Published Wednesday, 27 January 2010
The DUP wants to scrap the Parades Commission which currently oversees marches in flashpoint areas such as the Garvaghy Road in Portadown.
As the Hillsborough talks ended on Wednesday, Peter Robinson repeated the party will not give their go-ahead until there is progress on the "outstanding issue".
Sinn Fein's Martin McGuinness, meanwhile, blamed the devolution stalemate on the decision by the DUP to make the abolition of the commission a "pre-condition", saying he will "not be made subject to a unionist veto or an Orange Order pre-condition."
A so-called "Derry Model" has been suggested as a way of breaking the deadlock.
The model, centered on local mediation, was devised by Derry businessmen after the opposition between Bogside's residents and the Apprentice Boys spilled over into violence, damaging the local economy.
The business community intervened in a bid to improve relations between nationalists and the Apprentice Boys in the city.
"By devising a system that allowed for communication, that allowed for confidence building", Derry businessman Garvan O'Doherty told UTV.
"And also, you know, maybe people have to give up certain aspects of territory to gain other aspects of territory."
"It's important we work off a clean sheet whereby all the prejudices of the past are left behind and we work towards the future."
But Garvaghy Road Residents have said the proposal was unsuccessfully put forward by the British government over 10 years ago.
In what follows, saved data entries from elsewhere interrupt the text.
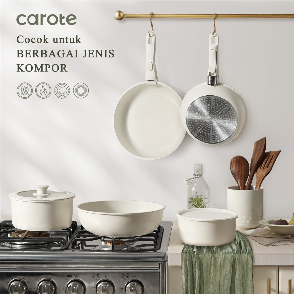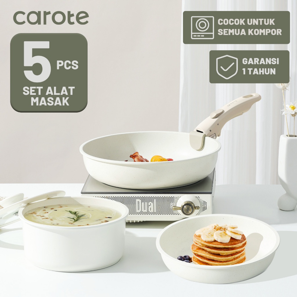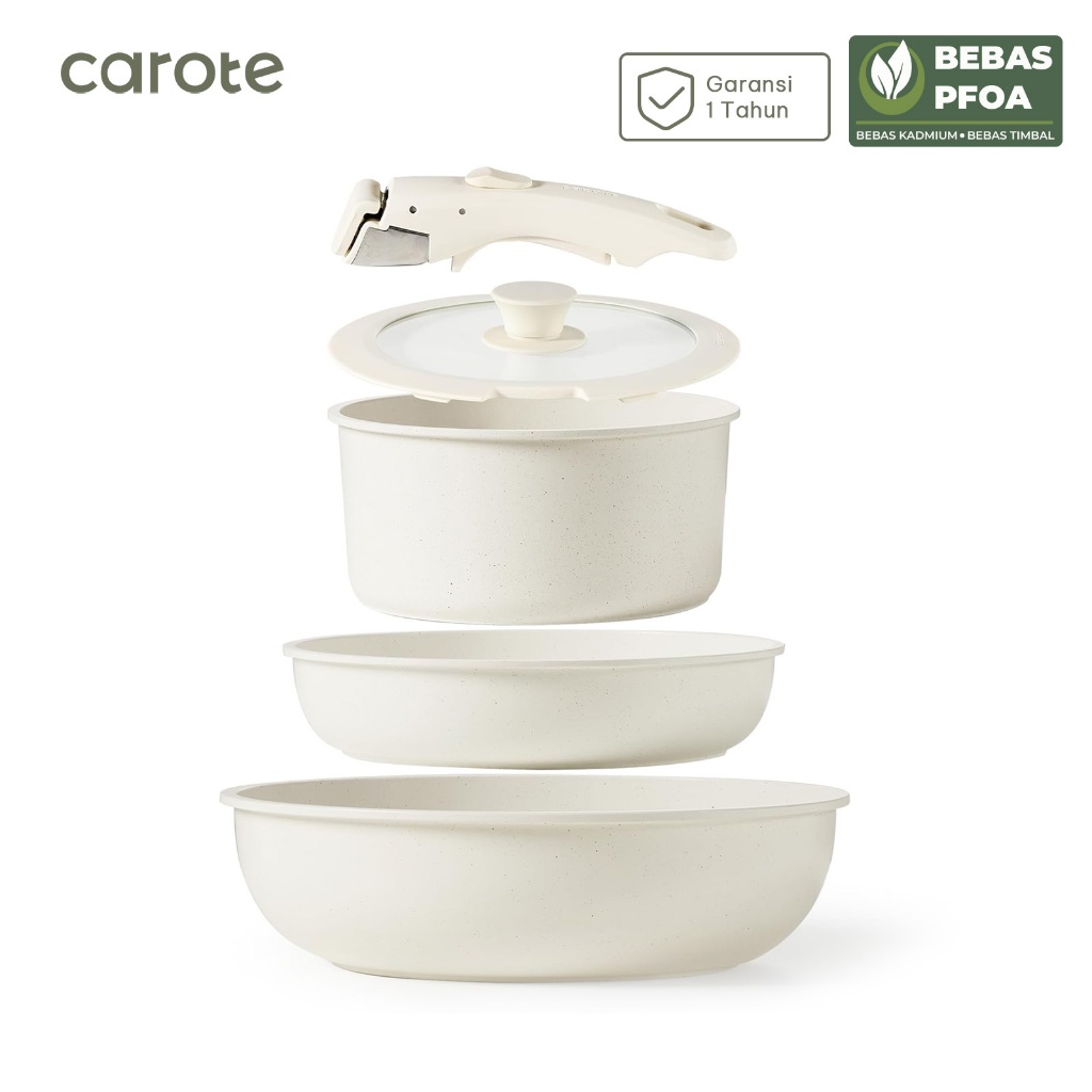 CAROTE Peralatan Masak Set 5 PCS Dengan Gagang Lepas Pasang Memudahkan Penyimpanan Lapisan Granit Cocok Untuk Semua Jenis Kompor Aman Untuk Oven Panci Susu Wajan Penggorengan Free PFOA Garansi 1 Tahun Ice Vanilla Putih
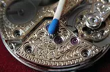 At an engravers workshop: Miniature engraving on a Louis George watch movement: Smallest engraving of the royal Prussian eagle on a watch movement. It takes about 100 passes to create the figure.
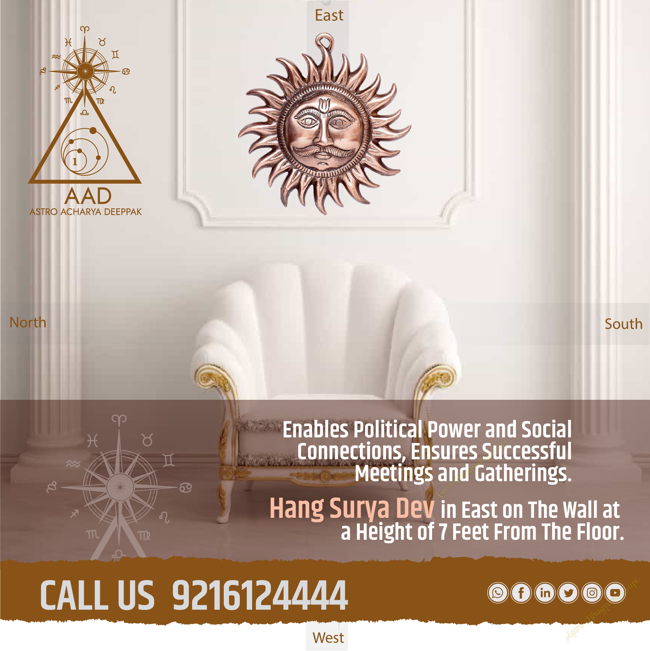 Placing a representation of Surya Dev (the Sun God) on the east-facing wall at a height of seven feet is a common practice rooted in Vastu Shastra, the traditional Indian system of architecture.

"That proposal was withdrawn by the British Government as unworkable when it was shown that the representation on such a political and civic forum would, in fact, have favoured the pro-Orange Order lobby and placed nationalists in Portadown at a distinct disadvantage", a spokesman for the Garvaghy Road Residents said.
"The Derry model didn't have to deal with parades that were going directly through the Creggan or the Bogside, unlike here where the parade is going through 100% residential nationalist community," Breandan MacCionnaith told UTV.
The residents insist the Parades Commission has helped improve the situation since the end of the bitter Drumcree dispute which brought Northern Ireland to the brink at the end of the 1990s.
"The rerouting of contentious marches away from the Garvaghy Road and Obins Street by the Parades Commission has meant that our community - and the wider community - has enjoyed successive peaceful summers", residents claimed.
But north Belfast DUP MLA Nelson McCausland is calling for a new and fair system.
"It is quite clear that the Parades Commission has failed", he told UTV.
"What we need now is a new start, a new system, a new structure that will produce a fair system and fair outcomes in regard to parades."